▶ [Information provided]:
☆ ☆ ☆ ☆ ☆ ☆ ☆
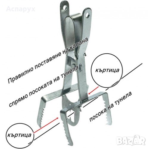 След като откриете тунела на подземен гризач, направете дупка с размер 10х10см./колкото капанът да влезе в нея/. Поставете в отвора на подвижната пластина някаква примамка - зеле, морков, картоф /за сляпо куче/. Заредете внимателно капана както е показано на снимките, след което го поставете в подготвения отвор в земята, като го ориентирате както е показано на третата снимка. Поставянето на примамка не е задължително. Къртицата или сляпото куче така или иначе ще дойдат по някое време да видяк какво става и да поправят тунела. Внимателно покрийте капана с пръст или го похлупете плътно с нещо. При правилно поставен капан, независимо от коя страна на тунела идва подземния вредител, той при всички положения ще бутне пластината и ще го задейства. Когато установите, че дръжките са раздаличени, проверете капана за хванал се натрапник.
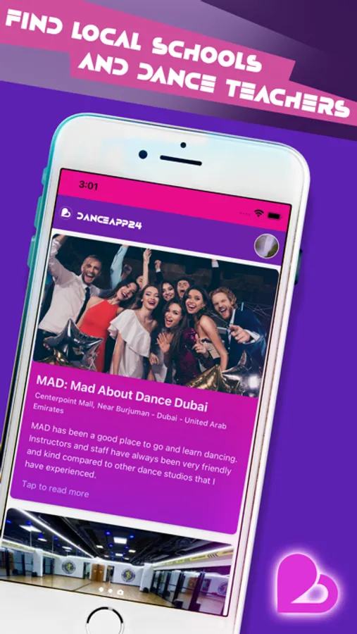 If you want to step up your game, we got you - browse dance schools in your area with just a swipe of a finger. The same goes for dance events. Flash mobs, salsa nights or a dance-off - you name it, we got it. But if we don’t, you can create an event yourself for others to join.
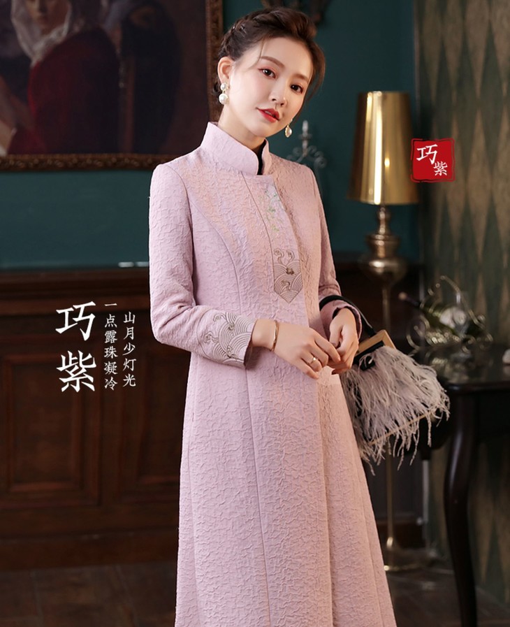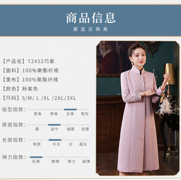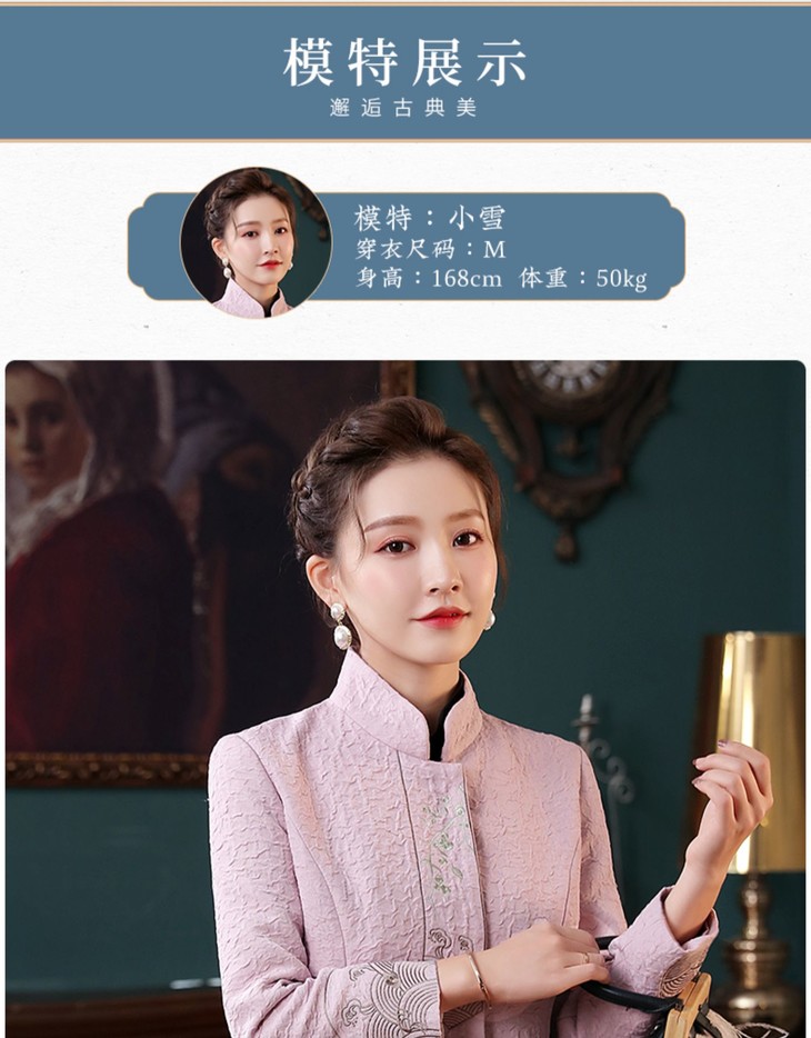 XGT2452冬季新款改良复古提花文艺绣花民族风唐装旗袍大衣
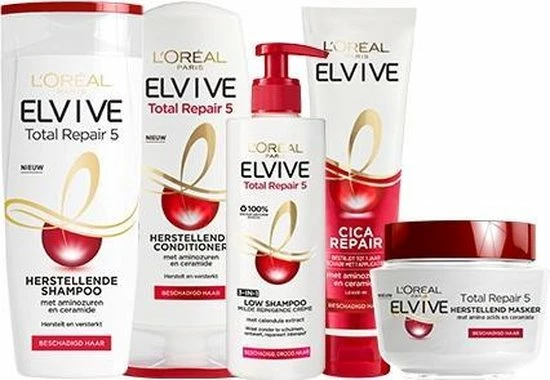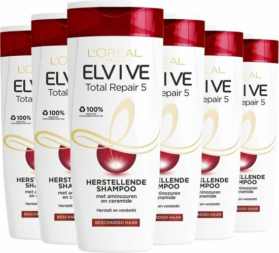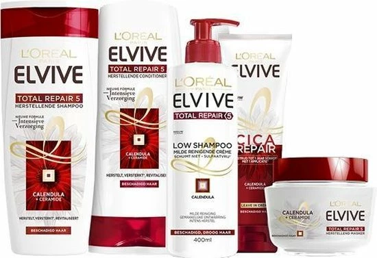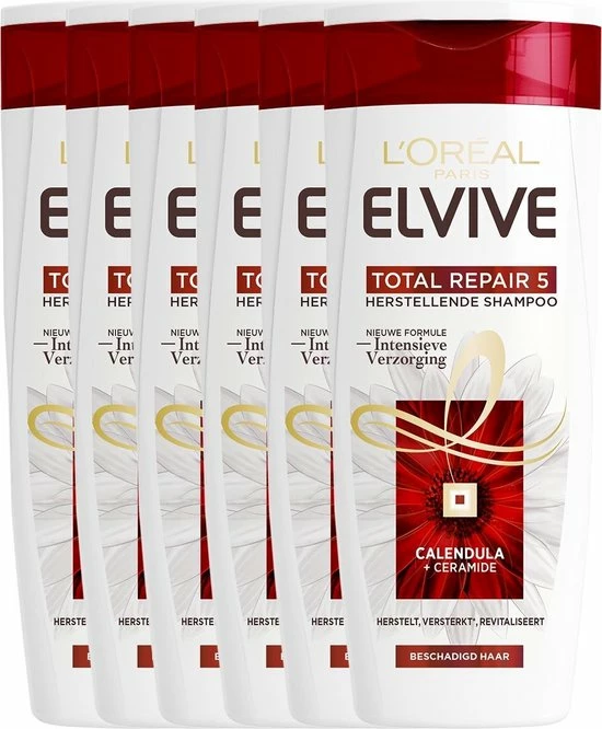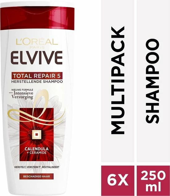 Voelt je fijne en zwakke haar futloos, stug en dof aan? Elvive Total Repair 5 shampoo met Cicamide + Pro-Keratine herstelt de haarvezel en versterkt de structuur van het haar. Daarnaast geeft het je haren een regelmatig en glad oppervlak.
☆ ☆ ☆ ☆ ☆ ☆ ☆
▶ [Brief]:
Retype each line of the listing above word for word. Exclude the pictures.

▶ [The answer]:
 След като откриете тунела на подземен гризач, направете дупка с размер 10х10см./колкото капанът да влезе в нея/. Поставете в отвора на подвижната пластина някаква примамка - зеле, морков, картоф /за сляпо куче/. Заредете внимателно капана както е показано на снимките, след което го поставете в подготвения отвор в земята, като го ориентирате както е показано на третата снимка. Поставянето на примамка не е задължително. Къртицата или сляпото куче така или иначе ще дойдат по някое време да видяк какво става и да поправят тунела. Внимателно покрийте капана с пръст или го похлупете плътно с нещо. При правилно поставен капан, независимо от коя страна на тунела идва подземния вредител, той при всички положения ще бутне пластината и ще го задейства. Когато установите, че дръжките са раздаличени, проверете капана за хванал се натрапник.
 If you want to step up your game, we got you - browse dance schools in your area with just a swipe of a finger. The same goes for dance events. Flash mobs, salsa nights or a dance-off - you name it, we got it. But if we don’t, you can create an event yourself for others to join.
 XGT2452冬季新款改良复古提花文艺绣花民族风唐装旗袍大衣
 Voelt je fijne en zwakke haar futloos, stug en dof aan? Elvive Total Repair 5 shampoo met Cicamide + Pro-Keratine herstelt de haarvezel en versterkt de structuur van het haar. Daarnaast geeft het je haren een regelmatig en glad oppervlak.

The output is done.